Unknown Wins; Jones Drops Out
Who is she?
The question bounced off the Columbia pavement Saturday morning as unknown runner Jenny Spangler clicked off mile after mile in the Olympic Trials women’s marathon she was destined to win in a shocking upset.
Ponytail bobbing, arms churning, Spangler went with the leaders at the beginning of the race. By mile 8, there were five of them - four elite runners who were supposed to be there and Spangler.
The other four runners “started gabbing,” said pre-race favorite and third-place finisher Anne Marie Lauck.
Spangler, 32, didn’t say a word.
“No one knew who I was,” said the former teenage phenom, who had nearly disappeared from long-distance running for the past 13 years. “So I wasn’t about to say anything.”
At the end, however, she could barely stop talking. Spangler won the U.S. Olympic Trials, qualified for the Olympic team and took home $45,000 with her victory and a fast time of 2:29.54 over a difficult course.
Linda Somers finished second, 12 seconds behind Spangler in 2:30.06. Lauck was third in 2:31.18. All three made the Olympic team.
Spokane’s Kim Jones, expected to challenge for an Olympic berth, was injured and failed to finish.
But the headlines afterward all belonged to Spangler. Pick your favorite inspirational sports movie: “Rocky,” “Rudy,” “Hoosiers.” Spangler’s script was just as good.
“I knew she was either stupid or for real, running that fast around mile 16,” said Lauck, who admitted she didn’t even know Spangler’s last name until someone told it to her at the finish line.
It turned out Spangler was very real. She blew by the remaining contenders with a 5:22 mile at Mile 16, then held the lead the rest of the way as every other runner kept hoping for the faltering that never came.
Why did no one believe in Spangler?
Because the women’s marathoners have an unofficial caste system - race numbers.
The qualifiers with the best times received the lowest numbers - Lauck had No. 2, for instance, and eventual second-place finisher Somers had No. 7.
Then there was Spangler, No. 61 - meaning her qualifying time was 61st-best in this field.
“I knew if I took off at some point they’d probably just let me go and figure I’d come back to them,” Spangler said giddily. “I mean, I was No. 61! So when I took the lead, I was scared for a few miles. I was going, ‘What am I doing up here?’ “
Preparing to win the race, it turned out.
Spangler, from Gurnee, Ill., had been a high school running prodigy. In 1983, at age 19, she won a marathon in Minnesota with a time of 2:33.52.

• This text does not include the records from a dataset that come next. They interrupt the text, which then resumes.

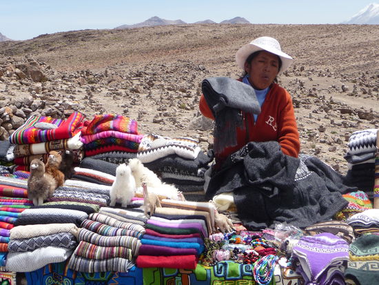 Überall im Hochland haben Frauen Tücher, Decken, Mützen,Pullover und andere Dinge aus Wolle im Angebot aber ich bin leider nicht auf der Suche nach solchen Artikeln.
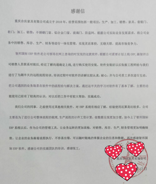 重庆合庆家具有限公司与智邦国际成功签约,希望通过智邦国际ERP系统的应用,可以科学化整合各个部门产生的所有数据信息,实现企业价值链各环节的一体化运转,信息实时共享,各环节智能互联,合理优化配置内部资源,提高企业的整体竞争优势。
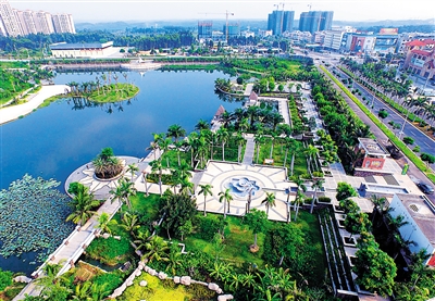 儋州城区生态环境优美。图为儋州市龙门路棕榈岛公园。 袁才 摄
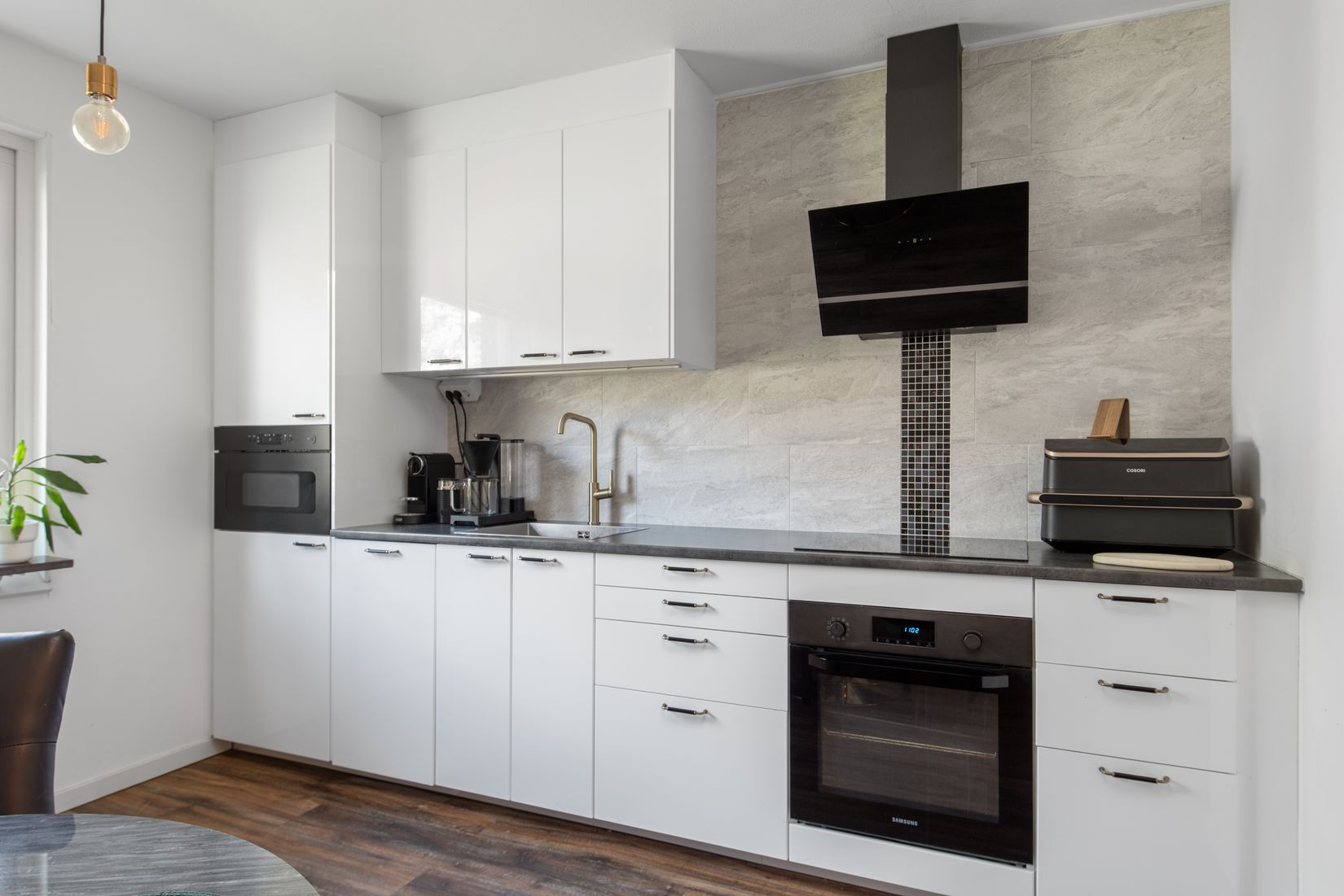 Köket är både funktionellt och elegant, med fina materialval, gott om arbetsytor och smarta förvaringslösningar, perfekt för både vardagsmiddagar och sociala kvällar. Sovrummet rymmer enkelt en större säng och lämnar utrymme för personlig inredning. Här finns också en praktisk klädkammare som ger dig extra generösa förvaringsmöjligheter. Hemmet erbjuder genomgående ljusa ytskikt och ett högkvalitativt vinylgolv.
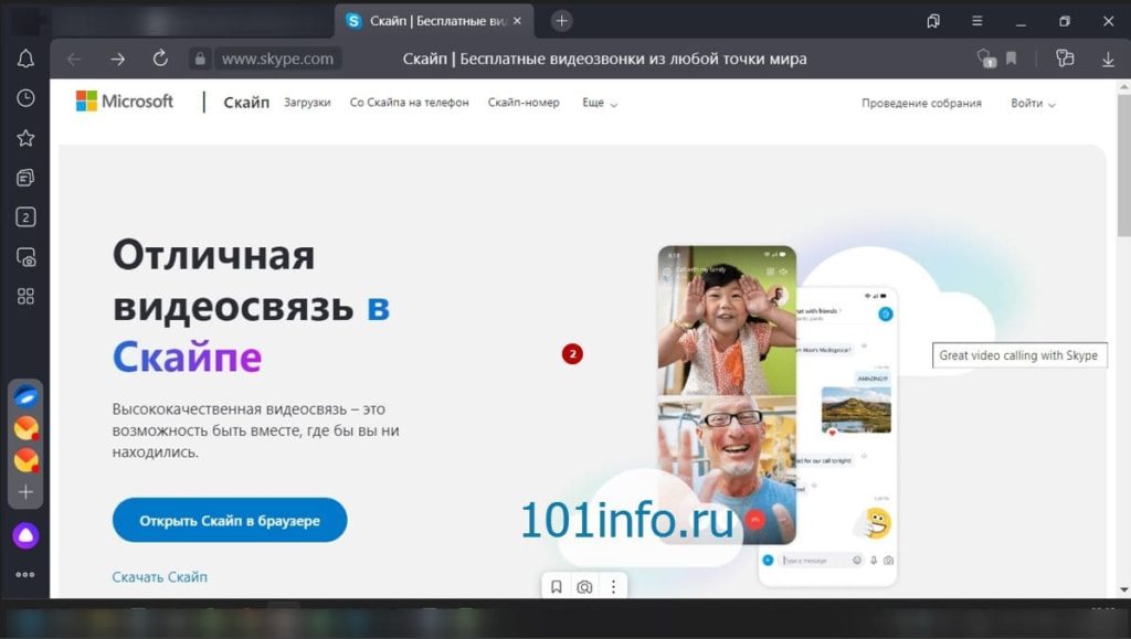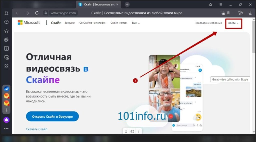 Из контекстного меню выбрать строку «Использовать Скайп через браузер».

“I thought then, wow, I’m going to have years of great success,” Spangler said. “And it didn’t work out that way. Things happened.”
In 1984, Spangler might have had a chance at making the Olympic team but broke a foot midway through the Olympic Trials. She gamely ran the rest of the way, but finished 17th.

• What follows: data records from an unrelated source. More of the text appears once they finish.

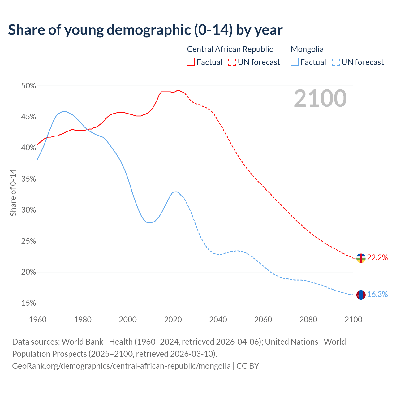 - The share of young demographic (0-15 years old) in the Central African Republic is 49% vs 32.2% in Mongolia.
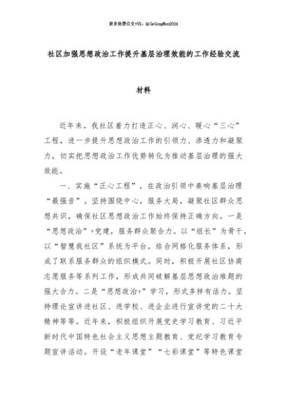 【七哥公文】2024年:社区加强思想政治工作提升基层治理效能的工作经验交流材料+更多免费公文+VX:QiGeGongWen2024
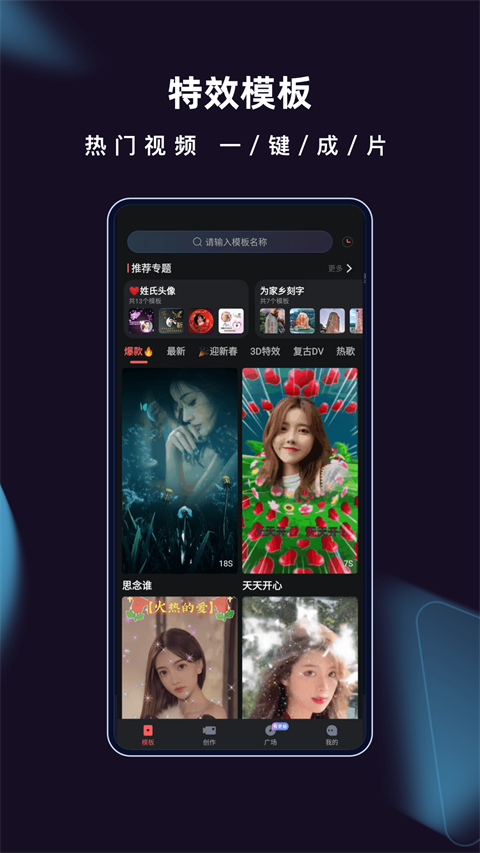-「模版」一键选择特效短视频模板,生成特效视频
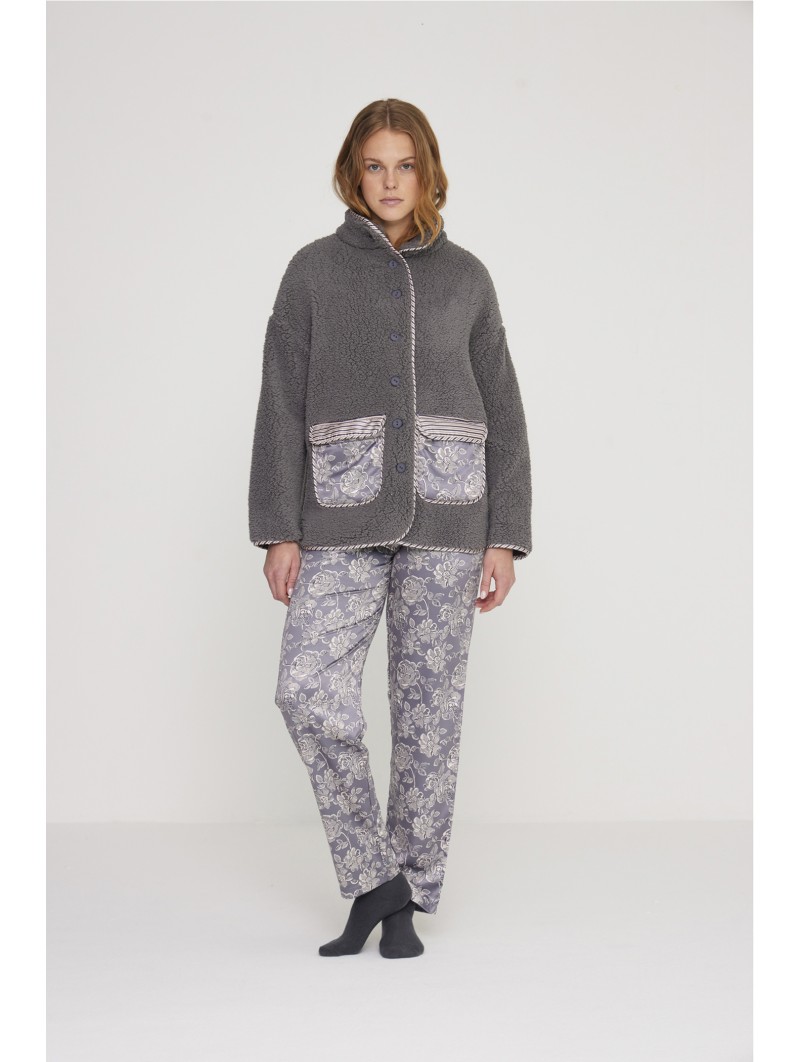 Giacca donna lisette in eco pelliccia e raso con abbottonatura centrale, profilo a contrasto e tasche sul davanti con stampa a fiori e righe

In 1986, she married a fellow student at the University of Iowa. But as her marriage gradually went sour, so did her running.
In 1988 at the Trials, Spangler finished in the 40s. After that she didn’t run competitively at all for six years, due mainly to the continued strain of the marriage and the pursuit of her master’s degree in business.
Then in 1993, Spangler’s life turned around. She got divorced, found a boyfriend who also ran and got back into the game.
“I had really missed it,” she said.
“She ran this great time in a half-marathon in 1993,” Spangler’s boyfriend Miki Tosic said, “and I looked at her and said, ‘Don’t you need to take just one more shot at this?’
When Spangler finished Saturday, becoming the United States’ first track Olympian, she lifted her hands to her face and cried.
“I had tears in my eyes once I got close to the finish line,” she said. “I mean, I’ve watched the Olympics since I was little.”
Now she will run in them. And everyone will know her name.